=== Task objective ===
Using only the entries below, copy exactly the lines that begin at the one with "An iconic streetwear" and end at the one with "Hey Acro, 1st, I", both included. Drop the pictures.

(Dataset excerpts)
□ □ □ □ □

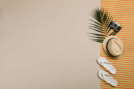 Striped beach towel, hat, camera, tropical leaf and flip flops on sand, top view. Space for text
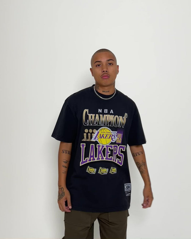 An iconic streetwear piece, Mitchell & Ness delivers the Los Angeles Lakers Champs Short Sleeve T-Shirt. Featuring champion graphics printed on the front, quality cotton, and twin needle stitching. Cop this tee for a winning piece!
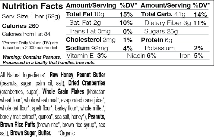 Light and crispy, yet moist and chewy, the combination of raw honey, peanut butter, brown rice crisps, cranberries, and whole peanuts just can't be beat!
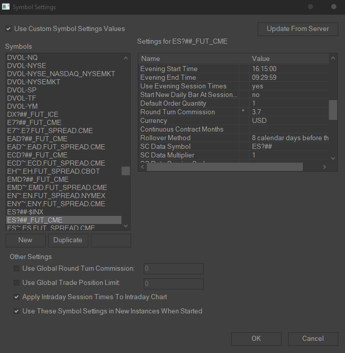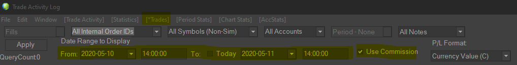Hey Acro, 1st, I use AMP + SC + Denali TTfix to execute trades. Something you can do is go into: Global Settings > Symbol Settings > check "Use Custom Symbol Settings Values" and find what you trade and set the Round Turn Commission. To do this, on the right side, scroll until you see "Round Turn Commission" and set that to your Round Turn Commission from AMP (use Amp's All-In Calculator to find where you should stand on your commission rates). See attached screenshot for what this looks like. Then, once AMP's Daily Client Report is sent to you after your current trading day (which covers trading from 5 PM Eastern to 5 PM Eastern time every day) you open the following in SC: Trade > Trade Activity Log -- and set the "Data Range to Display" according to your timezone. Make sure you then press [*Trades] then Apply. If you scroll to the bottom of the page, your Total from the Profit/Loss column should exactly match AMP's Daily Client Report for the last of the "5 values" summary at the bottom of the last page. It literally takes me 10 seconds each day to make sure the tally is correct. :) |
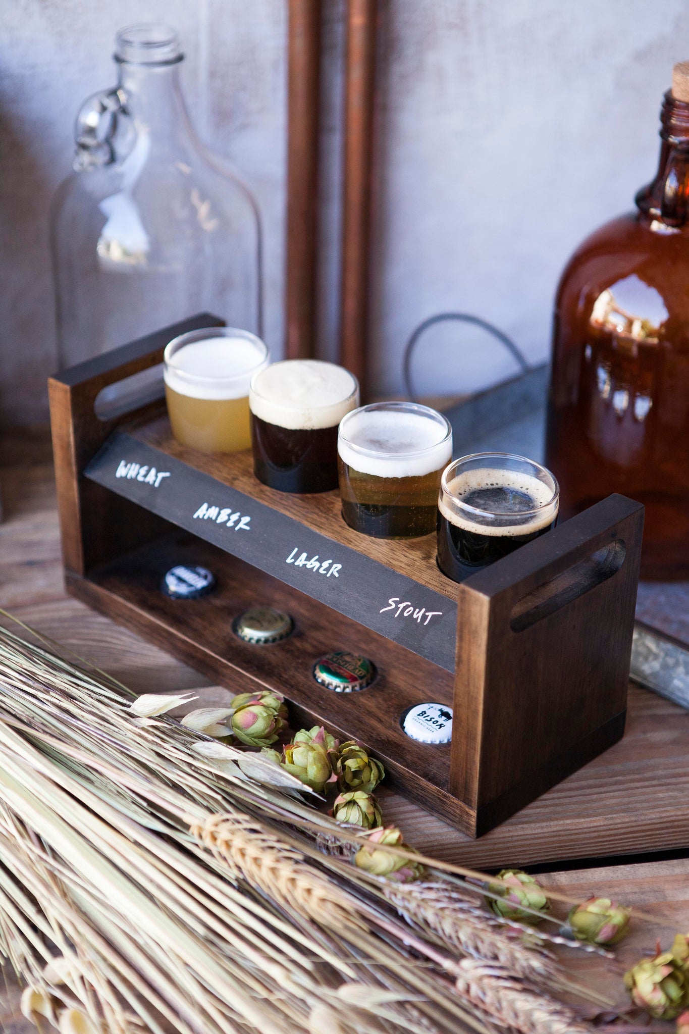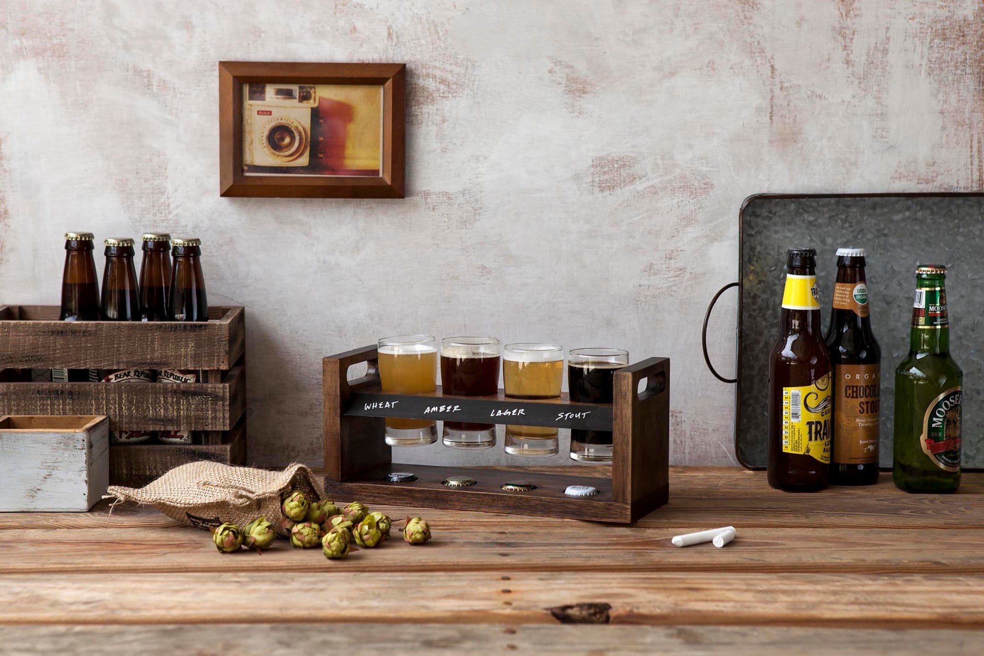 The Craft Beer Flight Set is a stylish-yet-rugged beer flight tasting set made to delight ale-aficionados and Pilsner-poppers alike. This handsome two-tiered acacia tray holds four 4 oz beer glasses suspended in the top shelf and includes a chalkboard panel and soapstone pencil for labeling beers and hollowed areas to neatly hold beer caps. The ultimate housewarming or birthday gift for true beer lovers, this beer tasting set allows you to take the craft beer tasting experience home. Whether it’s an elegant addition to the man cave or the she shed - or a plea for reasonable portions for your favorite newly-21 beer drinker - this Craft Beer Flight Tasting Set is sure to please beer-lovin' men and women everywhere.
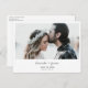 This simple, stylish modern photo wedding elopement announcement postcard template features your names in a lively handwriting script beneath your photo. You might choose to change the font, punctuation or color used for various text elements of this design on the front and/or back. For example, you might choose to give a certain color to your name text, or change the We Tied the Knot! text on the back to We Got Married! Or another message that suits your style. You might choose to delete something or change a text field entirely with a different message. For example, you might decide to change the names format on the front to include your last name, or to a Mr. and Mrs.(last name) format, etc. On both sides we've made the background transparent to let the color of the paper simply serve as the base tone. You can edit this and pick a color if you prefer. We've put some placeholder text on the back for you to delete and replace with your own message, with or without your names, if you want to sign by hand when you get the postcards. But you might also simply choose to delete our placeholder text and leave the back entirely blank so that you can write a message by hand on each card and sign your names. The default paper type, matte, has a soft warmth to it and resists smudging, so it's a great choice for writing your own message, if you choose to do that. You can edit this and choose semi-gloss instead. In any case please do remember that there's placeholder text on the back as well and to delete all of our sample/placeholder text on both sides of the card, as well as our sample photo! The default text color on both sides is a very dark gray that's mostly black, but you can change the color, font and text size. We hope you'll enjoy experimenting with this crisp, contemporary photo elopement announcement postcard and make it uniquely yours with the intuitive design tools, your favorite photo and your inspiration. And please check our store for more simply chic modern elopement cards in various formats!
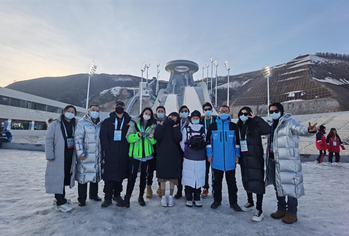 国家跳台滑雪中心承担着北欧两项(跳台滑雪)比赛。我校学子程琳、姜言、仲言、高昱诚、刘卓在体院展示经理杨晓轩等老师的带领下,以国家跳台滑雪中心绚丽灯光为依托开展双语播报解说及现场音乐秀活动,极具创新性的展示项目为美丽耀眼的“雪如意”竞技现场锦上添花。
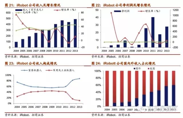 iRobot是家居清洁机器人的领先企业,产品战略布局以家居清洁机器人为主。2014年上半年实现营收2.54亿美元,2013年收入达4.87亿美元,全球市场占有率超过60%,2014年8月总市值为10.10亿美元。
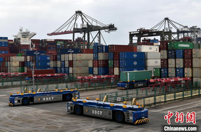 9月7日,廈門遠(yuǎn)海自動化碼頭上,轉(zhuǎn)運集裝箱的自動導(dǎo)引車正在作業(yè)。這是全球首個第四代自動化碼頭、中國首個擁有全部自主知識產(chǎn)權(quán)的自動化碼頭,開行了多條“絲路海運”命名航線?!≈行律缬浾?張斌 攝
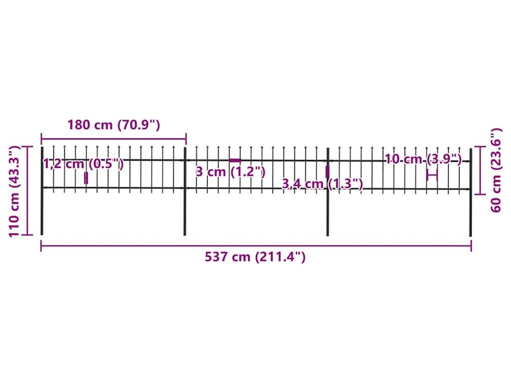 Zahradní plot s kopím nahoře ocelový 537 x 60 cm [277595]
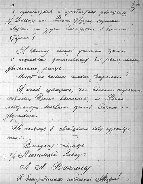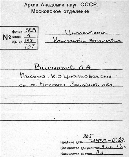 Письма Л.А. Васильева к К.Э. Циолковскому.
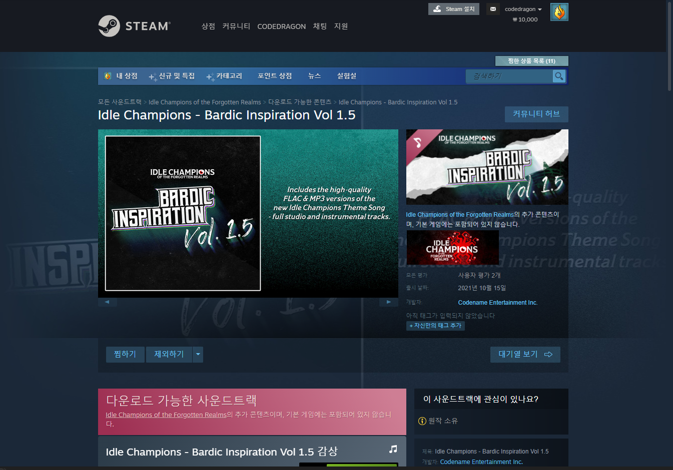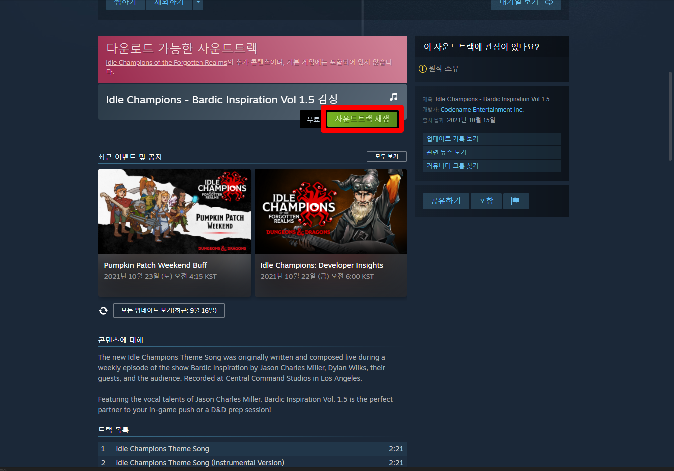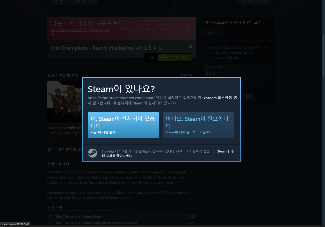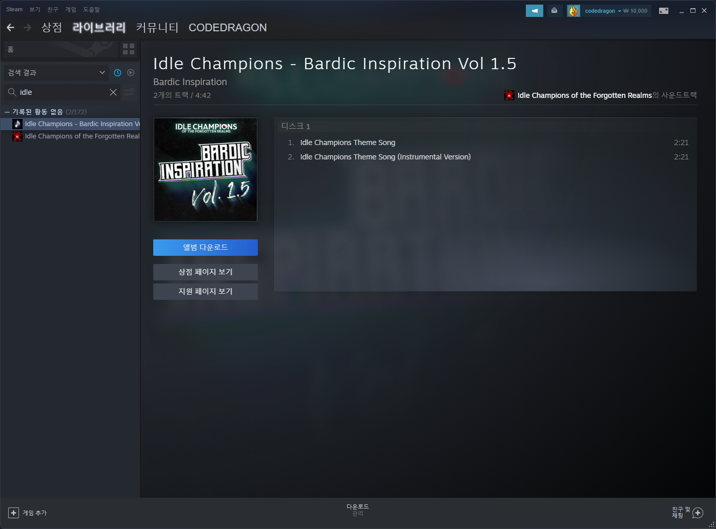 "Idle Champions of the Forgotten Realms" 과 "Idle Champions - Bardic Inspiration Vol 1.5 사운드트렉" 항목을 확인할 수 있습니다.

□ □ □ □ □

=== Task output ===
 An iconic streetwear piece, Mitchell & Ness delivers the Los Angeles Lakers Champs Short Sleeve T-Shirt. Featuring champion graphics printed on the front, quality cotton, and twin needle stitching. Cop this tee for a winning piece!
 Light and crispy, yet moist and chewy, the combination of raw honey, peanut butter, brown rice crisps, cranberries, and whole peanuts just can't be beat!
Hey Acro, 1st, I use AMP + SC + Denali TTfix to execute trades. Something you can do is go into: Global Settings > Symbol Settings > check "Use Custom Symbol Settings Values" and find what you trade and set the Round Turn Commission. To do this, on the right side, scroll until you see "Round Turn Commission" and set that to your Round Turn Commission from AMP (use Amp's All-In Calculator to find where you should stand on your commission rates). See attached screenshot for what this looks like. Then, once AMP's Daily Client Report is sent to you after your current trading day (which covers trading from 5 PM Eastern to 5 PM Eastern time every day) you open the following in SC: Trade > Trade Activity Log -- and set the "Data Range to Display" according to your timezone. Make sure you then press [*Trades] then Apply. If you scroll to the bottom of the page, your Total from the Profit/Loss column should exactly match AMP's Daily Client Report for the last of the "5 values" summary at the bottom of the last page. It literally takes me 10 seconds each day to make sure the tally is correct. :) |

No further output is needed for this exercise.